Robert Ivers, also known as Bob Ivers, (December 11, 1934 – February 13, 2003) was an American actor who appeared in films and television in the 1950s and 1960s.

Background
Ivers was born in Seattle, Washington. He attended Tucson High School between 1950 and 1953. He was then was offered scholarships to the Pasadena Playhouse and the University of Arizona. After short time at Pasadena, where the curriculum wouldn't allow him to appear on stage until his second year, he transferred to the University of Arizona where he began appearing in roles during his first year. During this time he had a number of uncredited roles in films such as Broken Lance in 1954 and Violent Saturday in 1955, before finally being signed by Paramount Pictures in 1956 after he was seen performing the lead role in the play Tea and Sympathy.

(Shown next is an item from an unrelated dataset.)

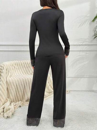 طقم ملابس نوم كاجوال للنساء مكون من ملابس علوية بأكمام طويلة ولباس سفلي مصنوع من رقعات الدانتيل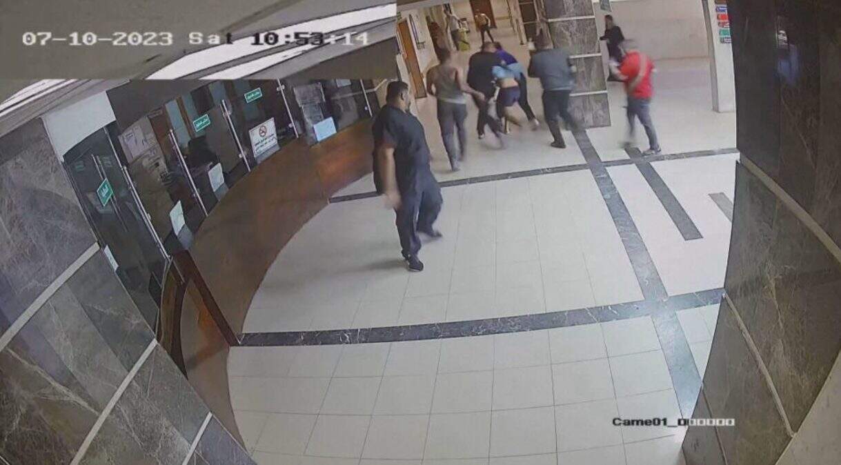 Um dos vídeos mostra um suposto refém sendo levado para o hospital pela entrada principal, disse Hagari. O refém segue à força pelo edifício, segundo a IDF. Hagari, em uma coletiva de imprensa no domingo, disse que o segundo vídeo mostra um outro refém – que tem uma mão enfaixada e está claramente sangrando – sendo empurrado em uma maca pelo corredor e em uma sala.

Film and television career
Ivers played a major role in the 1957 film The Delicate Delinquent, in which he co-starred with Jerry Lewis. In 1957 he also starred in Short Cut to Hell, the only film directed by James Cagney. He also co-starred in 1960 with Elvis Presley in G.I. Blues as 'Cookie', one of Elvis's army buddies stationed with him on base overseas. It was Presley's first film after coming home from the army. He appeared in a number of television series in the late 1950s and early 1960s, including the syndicated western, Pony Express. The timing of the program coincided with the 1960 centennial of the Pony Express. Ivers also appeared on ABC's The Fugitive starring David Janssen and the war series, Twelve O'clock High. He guest starred too on episodes of The Virginian, Bat Masterson, The Untouchables, and Gunsmoke. Ivers was disappointed that his acting career stalled by the middle 1960s and told the Yakima Herald-Republic in 1978 that he would have enjoyed the excitement of the Hollywood scene and often contemplated what might have been.

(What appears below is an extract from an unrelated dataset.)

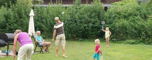 Korbschaukel. Das große Maislabyrinth nebenan ist das ideale Versteck. Piratenfeste und Indianerpartys sorgen für Abwechslung.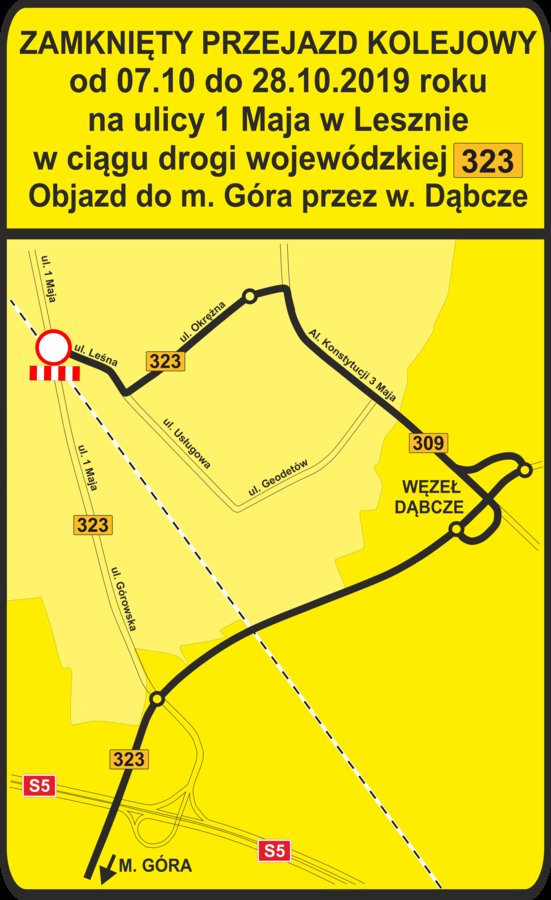 W związku z powyższym zachowany zostaje obowiązujący objazd, który jest poprowadzony drogą wojewódzką 323 (ul. Leśną i Okrężną), następnie Al. Konstytucji 3 Maja przez węzeł „Dąbcze” do drogi wojewódzkiej 323 w kierunku Góry.

In 1965, he launched a career in television news at KPHO in Phoenix, Arizona, followed by WJIM in Lansing, Michigan, and then (in 1970) KTHI-TV in Fargo, North Dakota. After moving to his home state of Washington in 1972 he became a mainstay of KAPP, Channel 35 in Yakima, where he anchored newscasts and hosted a Saturday morning children's program, the weekday "Morning Moneyman Movie" and the station's annual participation in the Jerry Lewis MDA Telethon. After leaving KAPP, Ivers had a stint as newscaster at competing Yakima station KNDO. He then began his own advertising agency in Yakima and hosted a small syndicated radio show in central Washington which provided factual trivia about films and actors along with reviews.

Personal life
Ivers married Lenore Roberts in 1961 but the marriage was annulled later that year. On 7 September 1961 he married actress Marcia Henderson. They had two daughters, Alenda and Mallory. Marcia died 23 November 1987 of lupus. Mallory, who was married to Steve Cangialosi, died 19 October 2005.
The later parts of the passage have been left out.